CloudClient12.04
Please note! This wiki is no longer maintained. Our documentation has moved to https://securityonion.net/docs/. Please update your bookmarks. You can find the latest version of this page at: https://securityonion.net/docs/CloudClient12.04.
Many folks ask how they can use Security Onion to monitor and defend their cloud environments. Most cloud environments don't provide anything like a tap or span port, but we can use daemonlogger or netsniff-ng as a virtual tap. This virtual tap will copy all traffic from our production cloud box to an OpenVPN bridge that transports the traffic to our Security Onion sensor where it is then analyzed.
The cloud client uses daemonlogger or netsniff-ng to copy all packets from eth0 to tap0 (OpenVPN). OpenVPN transports the packets to the cloud sensor, where tap0 is a member of bridge br0. The standard Security Onion stack sniffs br0. NIC offloading functions must be disabled on all of these interfaces (eth0 and tap0 on cloud client, and tap0 and br0 on cloud sensor) to ensure that Snort, Bro, etc. all see traffic as it appeared on the wire. This guide will walk you through disabling NIC offloading functions on eth0 and br0 via /etc/network/interfaces and tap0 via /etc/openvpn/up.sh.
This guide is written using daemonlogger because it is more likely to be available on most cloud boxes.
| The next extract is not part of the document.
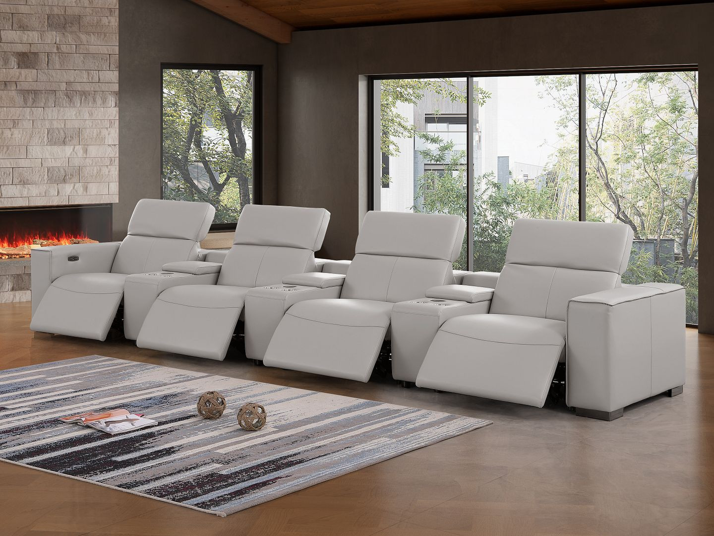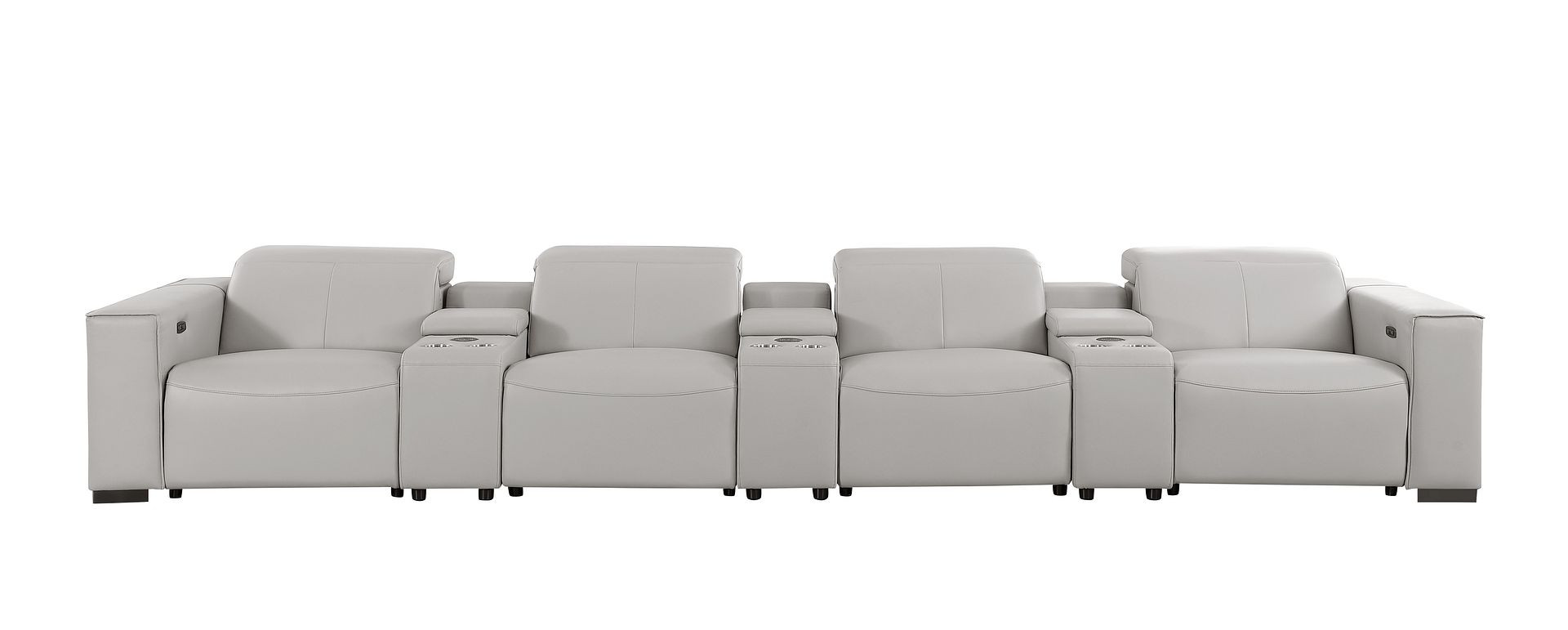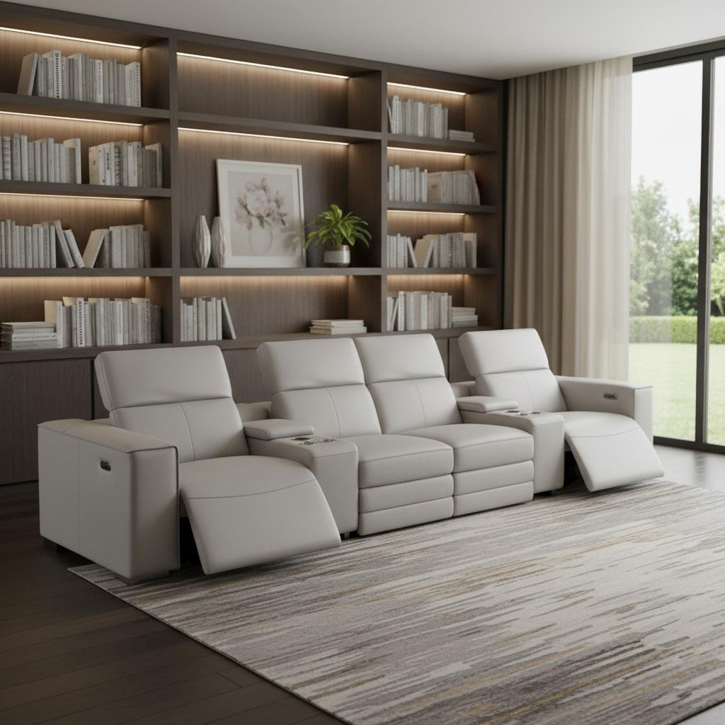 Genuine leather power reclining sofa; Luxury leather sofa with 4 recliners; Power reclining sofa with USB ports; Leather sofa with wireless phone chargers; Reclining sofa with lumbar support; Sofa with power headrests and storage consoles; Modern genuine leather home theater sofa; Brazilian wood frame leather sofa; Durable luxury reclining leather couch; Contemporary genuine leather sofa; Premium leather power recliner sofa; Comfortable leather sofa for living room |

If netsniff-ng is available, it can provide higher performance (less packet loss), and you would just need to change the calls from daemonlogger to netsniff-ng and translate the options to the equivalent netsniff-ng options.
This is based on Josh Brower's great work:
http://www.slideshare.net/DefensiveDepth/so-conference-2014
The OpenVPN configuration shown below is based on the following guides:
https://help.ubuntu.com/community/OpenVPN
https://help.ubuntu.com/lts/serverguide/openvpn.html
This cloud client is considered experimental. USE AT YOUR OWN RISK!
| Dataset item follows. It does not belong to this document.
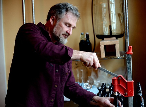 Rod Douglas bottles two cases of an oatmeal stout he prepared in late February on Thursday, March 7, at his home in Kalispell. (Brenda Ahearn/Daily Inter Lake)

This guide was written for Security Onion 12.04 and will NOT work with Security Onion 14.04.
We first start with our Security Onion sensor. Run Security Onion Setup Phase 1 (Network Configuration), allow it to write your /etc/network/interfaces file, but DON'T reboot at the end:
sudo sosetup
Add br0 to /etc/network/interfaces and disable offloading functions:
cat << EOF | sudo tee -a /etc/network/interfaces
# Bridge for OpenVPN tap0
auto br0
iface br0 inet manual
bridge_ports none
post-up for i in rx tx sg tso ufo gso gro lro; do ethtool -K \$IFACE \$i off; done
EOF
Reboot:
sudo reboot
Run Security Onion Setup Phase 2 and choose to monitor br0:
sudo sosetup
Setup has locked down the UFW firewall, so let's go ahead and allow OpenVPN port 1194:
sudo ufw allow 1194
Install OpenVPN:
sudo apt-get update
sudo apt-get install openvpn
Next, copy files to the /etc/openvpn/easy-rsa/ directory:
sudo mkdir /etc/openvpn/easy-rsa/
sudo cp -R /usr/share/doc/openvpn/examples/easy-rsa/2.0/* /etc/openvpn/easy-rsa/
Edit /etc/openvpn/easy-rsa/vars:
sudo vi /etc/openvpn/easy-rsa/vars
Change these lines at the bottom so that they reflect your new CA:
export KEY_COUNTRY="US"
export KEY_PROVINCE="CA"
export KEY_CITY="SanFrancisco"
export KEY_ORG="Fort-Funston"
export KEY_EMAIL="me@myhost.mydomain"
Also change any lines that contain "changeme"
Setup the CA and create the first server certificate:
cd /etc/openvpn/easy-rsa/ ## move to the easy-rsa directory
sudo chown -R root:sudo . ## make this directory writable by the system administrators
sudo chmod g+w . ## make this directory writable by the system administrators
source ./vars ## execute your new vars file
./clean-all ## Setup the easy-rsa directory (Deletes all keys)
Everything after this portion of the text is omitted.